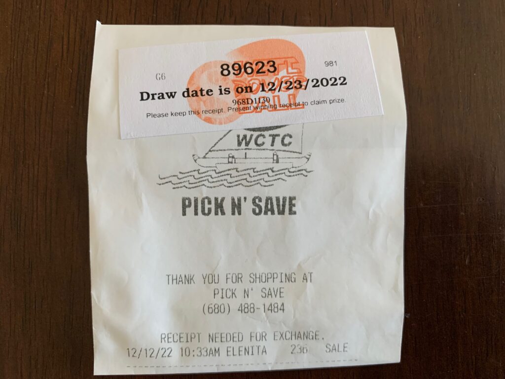 この抽選システムのすごいところは、かなりの頻度で当たりが出ること(といっても、よく当たるのは5ドルですが。。)。我が家では5ドルは年に何回かは当たっています(そんなに買い物しているわけではないですよ。。)そして、なんと4桁一致で、100ドルを当てたこともあります!(ただし、1回だけです)。
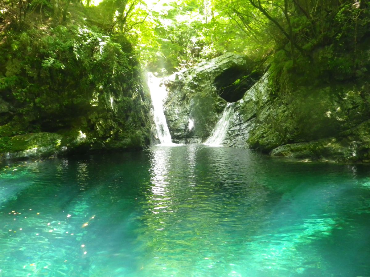 釜滝に到着。本日も日が差して滝壺はエメラルドグリーンになっていて流れる二つの滝が美しい
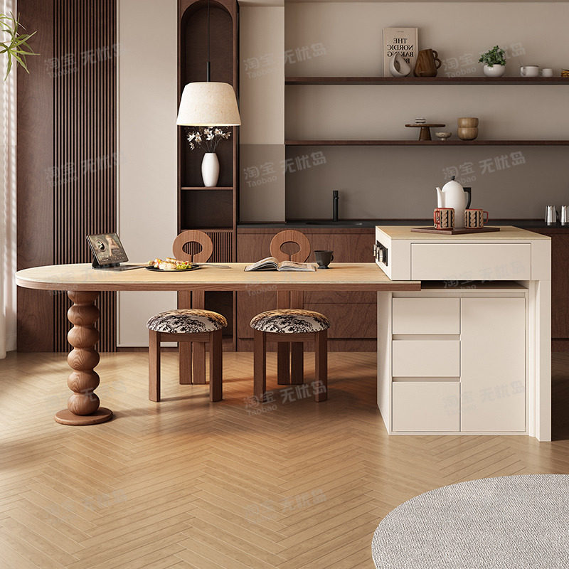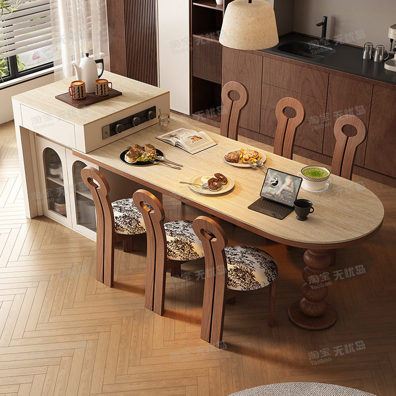 法式中古风岛台餐桌一体式餐厅厨房家用现代伸缩实木岩板岛台餐桌
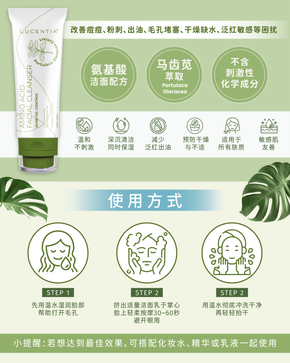Lucentia 氨基酸洁面乳正是符合这些条件的温和洁面选择。主打温和不刺激、深层清洁、维持水分平衡、控油却不紧绷,适合所有肤质,就连敏感肌宝宝也能安心天天使用。

● AIM OF THE TASK
Using the listing above, copy every line from the line containing "釜滝に到着。本日も日が差して" through the last one, both included, and no other lines. Pictures stay out.

● SOLUTION BELOW
 釜滝に到着。本日も日が差して滝壺はエメラルドグリーンになっていて流れる二つの滝が美しい
 法式中古风岛台餐桌一体式餐厅厨房家用现代伸缩实木岩板岛台餐桌
Lucentia 氨基酸洁面乳正是符合这些条件的温和洁面选择。主打温和不刺激、深层清洁、维持水分平衡、控油却不紧绷,适合所有肤质,就连敏感肌宝宝也能安心天天使用。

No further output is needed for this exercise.